Страница 90 из 103
— Кажется, я погорячился. — Голос Бурлака прозвучал напряженно. — Я бы не жаловался этому товарищу, а попросил бы помочь решить мою проблему.
— И кто этот товарищ? — усмехнулся комдив.
— Генерал армии Георгий Жуков! — Бурлак перевел дыхание. — В тридцать девятом я служил в 11-й танковой бригаде, когда Жуков на Халхин-Голе разгромил японских захватчиков. Из его рук я тогда получил награду. Он помог мне попасть с Дальнего Востока на Сталинградский фронт, и, кажется, я не подвел его.
— Большой у тебя, Иван Лукич, покровитель, ты уж держи свою марку высоко! — Комдив встал, давая понять, что разговор окончен. — А сейчас проверь, получили ли экипажи машин все необходимое для боя, потом мне доложишь!
— Слушаюсь! — повеселевшим голосом отчеканил Иван Лукич. Он взял под козырек и направился к выходу.
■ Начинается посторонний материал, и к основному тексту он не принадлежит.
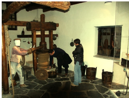
BESICHTIGUNG DES OLIVENMUSEUMS

После ужина Бурлак уединился в блиндаже, закурил. Мысли об Оксане не оставили его. У него было такое ощущение, что Оксана где-то рядом, что он скоро увидит ее, но это ощущение быстро исчезло, и на смену ему пришло чувство отчужденности. В памяти всплыл недавний вечер, перед выпиской из госпиталя. Она явилась к нему веселая, улыбчивая, и он невольно спросил:
— Что случилось? Ты обычно приходишь ко мне грустная, какая-то задумчивая, а сегодня в глазах радость…
— Есть причина, Ванек! — Она шутливо ущипнула его за нос. Однако выражение веселости на ее лице не угасло.
— Скажи, какая причина? — недоумевал Бурлак и все смотрел на нее, словно видел впервые, а все потому, что она вошла в его сердце, и если раньше от подобной мысли он краснел, как мальчишка, то теперь воспринимал это как должное и ничему не удивлялся.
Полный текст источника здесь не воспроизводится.